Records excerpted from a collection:
_ _ _ _ _ _ _
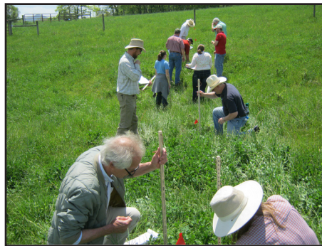
Participants at the Virginia Forage and Grassland Council Grazing School gets hands-on instruction about grazing practices.

Participants were welcomed to fields of green grass and beautiful scenery with the back drop of the Blue Ridge Mountains. The course included classroom style presentations on soils, fertility, stocking rates, forage supply, forage quality, and grazing economics. These were balanced with outdoor sessions where participants learned plant identification, pasture condition scoring, and estimating standing biomass. A pasture walk, led by David Fiske, showed some of the ongoing research occurring at the farm: comparing different stock densities and varying levels of grazing management.
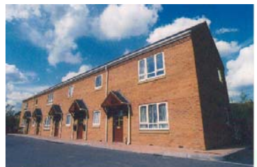
Wykeham Street, Scarborough
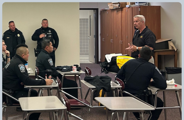
Police briefing at Ambridge High School Active Shooter review & exercise on 10/28/22
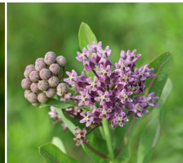
3 Asclepias sullivantii

Nodding onion: Nodding, white to pink flower umbels. Wide, flattened leaves with onion-like scent.
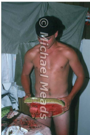
MICHAEL MEADS Depression Ham IV 1994 c-print 8 x 10 inches edition 4/10
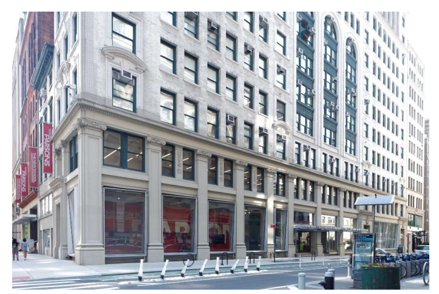
Educational Building 70 Fifth Avenue West 13th Street, view west Jessica Baldwin, May 2021
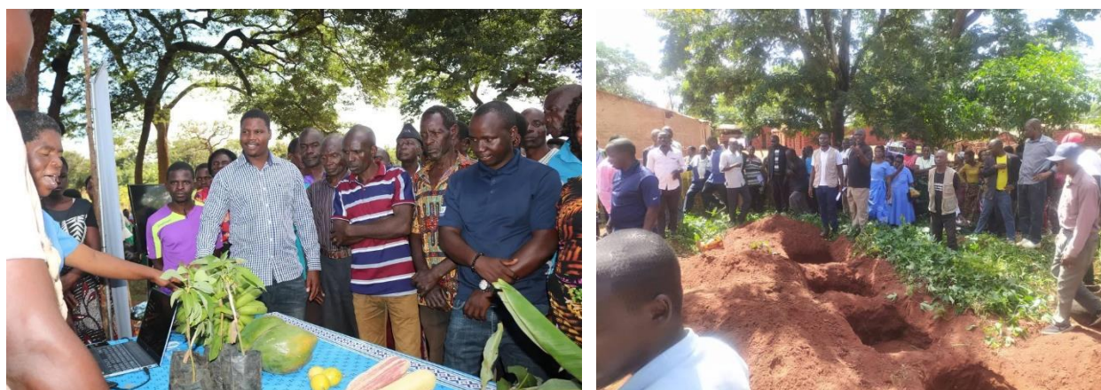
Farmers attending to field day

The activities involved during the field day include field tours showcasing agroecological farm using compost, crop rotation and intercropping techniques. Other seed companies such as Bayer and Seed-Co demonstrated improved maize varieties including drought tolerant and early maturity types. Through the field day, farmers gained practical knowledge on implementing agroecology to boost productivity while preserving the environment. Many farmers expressed a desire to adopt these practices.
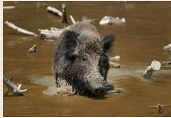
Wild Boar (Oceania)
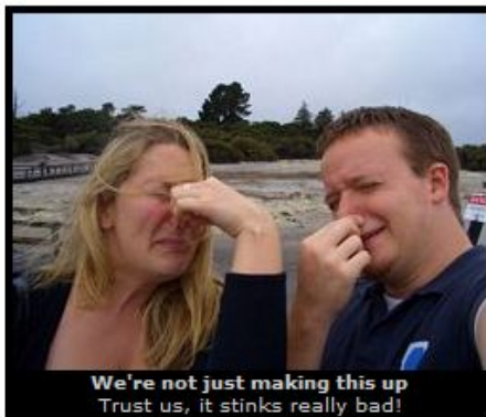
We're not just making this up Trust us, it stinks really bad!

That something else turned out to be Kuirau Park, a park filled with many hot springs with plenty of gas and steam coming from every direction. At least the smell wasn't bad here, we were just surrounded by steam. Which was very eerie and beautiful at the same time.
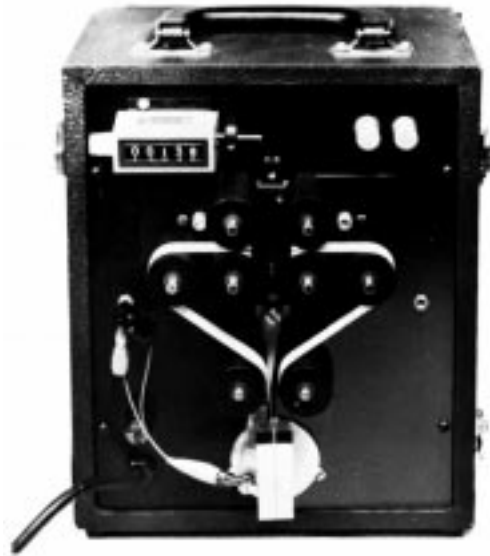
FIG. 2 Fatigue Ductility Flex Tester, Model 2 FDF

mens, with the dimensions as specified herein. The specimens may be prepared individually by use of a double-bladed cutter. The cutting edges of the blades should be lubricated with a material such as stearic acid in alcohol or other suitable material. The finished specimens shall be examined under about 20\times magnification to ascertain that the edges are smooth and that there are no surface scratches or creases. Specimens showing discernible surface scratches, creases, or edge discontinuities shall be rejected.
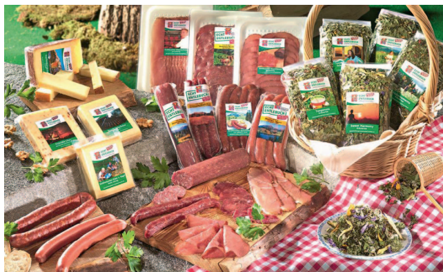
FIGURE 4 A selection of labeled products sold in supermarket chains in Switzerland.
_ _ _ _ _ _ _
§ **WHAT YOU ARE ASKED TO DO**:
Each line from the one holding "That something else" through the last line of the records above must be duplicated exactly, and pictures must not be.

§ **RESPONSE AREA**:
That something else turned out to be Kuirau Park, a park filled with many hot springs with plenty of gas and steam coming from every direction. At least the smell wasn't bad here, we were just surrounded by steam. Which was very eerie and beautiful at the same time.
FIG. 2 Fatigue Ductility Flex Tester, Model 2 FDF

mens, with the dimensions as specified herein. The specimens may be prepared individually by use of a double-bladed cutter. The cutting edges of the blades should be lubricated with a material such as stearic acid in alcohol or other suitable material. The finished specimens shall be examined under about 20\times magnification to ascertain that the edges are smooth and that there are no surface scratches or creases. Specimens showing discernible surface scratches, creases, or edge discontinuities shall be rejected.
FIGURE 4 A selection of labeled products sold in supermarket chains in Switzerland.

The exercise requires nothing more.